U.S. net farm income is forecast to be $58.9 billion in 2006, down from $73.8 billion in 2005, but slightly above the 10-year average of $57.2 billion, according to a report from USDA's Economic Research Service.

The primary reasons for the anticipated decline are a drop in the value of livestock production and direct government payments combined with an increase in the cost of purchased inputs.

Net cash income is forecast to be $66.6 billion in 2006, a decline from the high levels achieved in 2004 and 2005. Family farm operator household income is expected to decline 0.9 percent in 2006, as the decrease in farm income more than offsets an increase in off-farm income.

Farms are expected to contribute $107.6 billion in net value-added to the U.S. economy in 2006, substantially down from the 2004 peak year of $128.9 billion.

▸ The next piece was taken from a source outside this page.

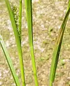Багаторічна трав'яниста рослина 30–100(120) см заввишки. Рослина з горизонтальним і геотропним (який росте вниз) кореневищем. Листки вузькі, 1-складчасті, довгі. Суцвіття 8–12(15) см завдовжки, з декількох довгастих розставлених колосків. Покривні листки колосків без піхв, у кілька разів перевищують колоски[2]. 2n = 56[3].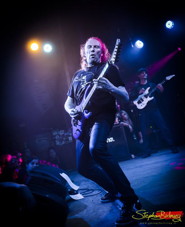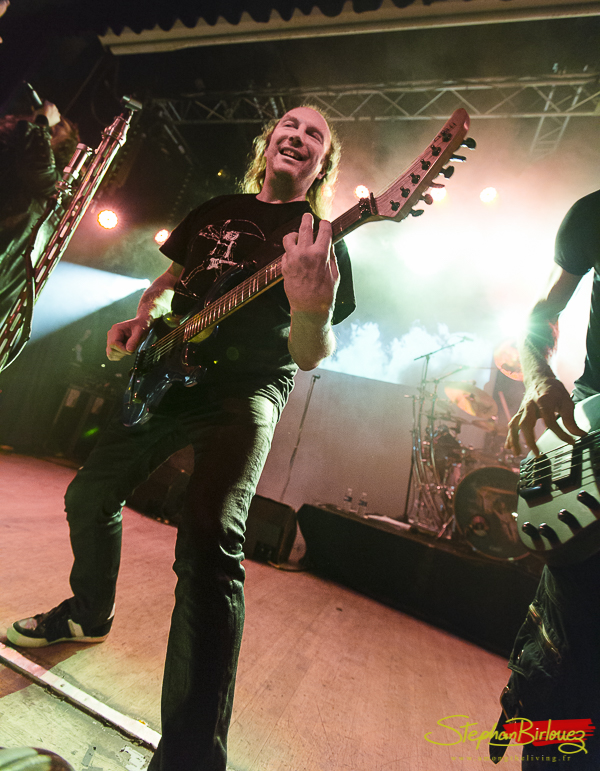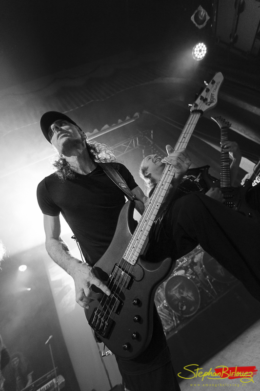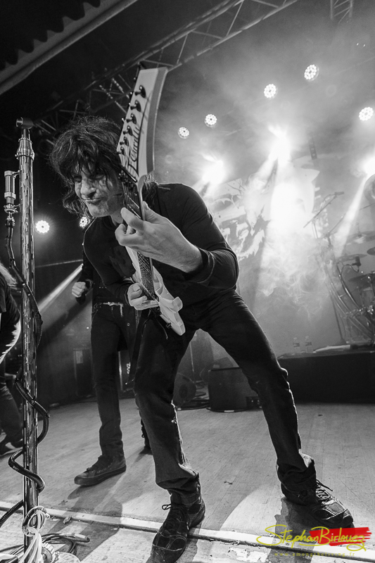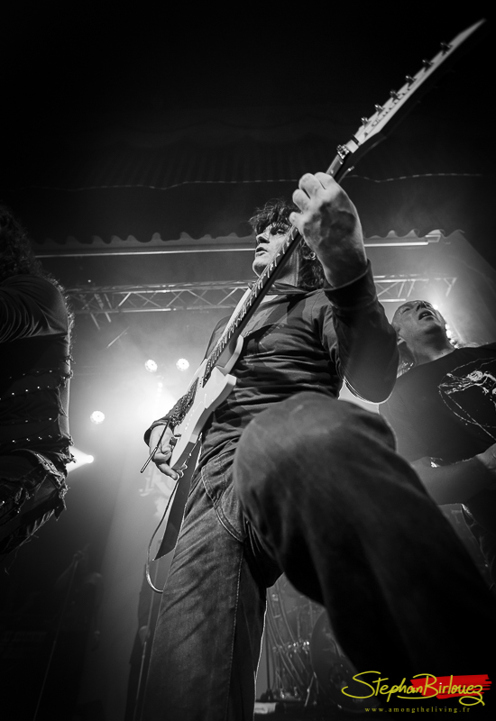 Le set est cours mais ultra efficace. Le quatuor, bien en place, nous acène une volée de titres qui feront le boulot face à un public plutôt réactif à la prestation. Marco, le guitariste, assure aussi le chant sur certains passages, et je peux vous dire qu’il n’est pas là en figuration. La voix juste et les riffs acérés, il assure un co-lead de qualité et avec la banane en supplément.

Net value added is the sum of net farm income and payments made to agriculture's stakeholders (lenders, hired labor, and nonoperator landlords).

The value of production in the U.S. farm sector is forecast to be $279.5 billion in 2006, up $4.1 billion over 2005 and well above the 10-year average of $237 billion.

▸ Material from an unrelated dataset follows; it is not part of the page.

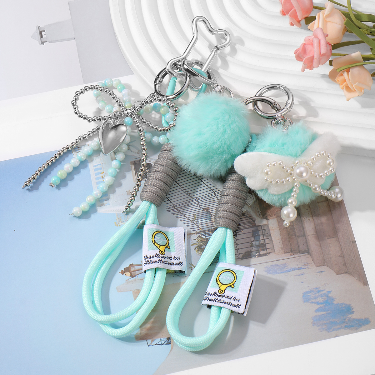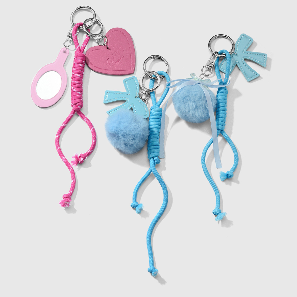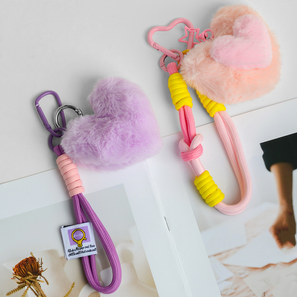 クロスボーダー爆金ins韓系精緻甘美高顔値毛毛愛吊り紐DIYキーホルダー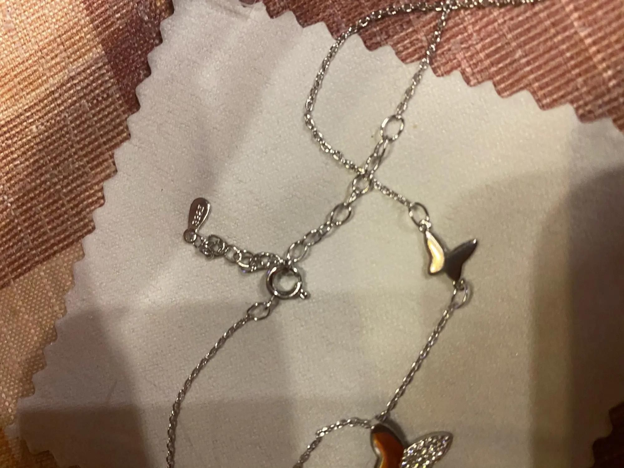 Красивое, нежное украшение. Стоит проба 925. Цепочка очень хрупкая, нужно аккуратнее.

The value of crop production is projected to be up $7.1 billion over 2005, primarily from higher projected corn prices and stronger sales of vegetables, fruits and nuts, and greenhouse/nursery products.

The value of livestock production is expected to be down $4.7 billion from 2005, but still $18.9 billion above the 10-year average. Farm gate prices for most major livestock products are expected to fall from 2005, with milk prices declining the most.

Total direct government payments are expected to be $16.5 billion in 2006, down from the $24.3 billion for 2005. This payment total is nearly 4 percent below the five-year average. Payments under the direct and counter-cyclical program in 2006 are estimated at $5.2 billion, less than a 1 percent increase from 2005.

Total production expenses in 2006 are forecast to rise $11 billion (5 percent) to a record $237.3 billion. The percentage change is less than in 2005, but continues the increase in total production expenses that has occurred in each of the last four years. Since a decrease in 2002, total expenses in current dollars will have risen $43.8 billion (22.7 percent). Through October 2006, prices paid overall for crop sector inputs had risen faster than for livestock sector inputs.

Farm sector equity is expected to rise by about 7 percent in 2006, as the value of farm assets continues to rise more rapidly than farm debt, driven mostly by increases in farmland values. Debt-to-asset and debt-to-equity ratios continue to improve in 2006, compared with the first half of this decade and average performance over the past four decades.

Average farm household income is expected to decline 0.9 percent in 2006 to $80,703, with the decrease in farm income more than offsetting the increase in off-farm income. For every year since 1996, average income for farm households has exceeded average U.S. household income; during 1996-2005, the average difference was 15.2 percent.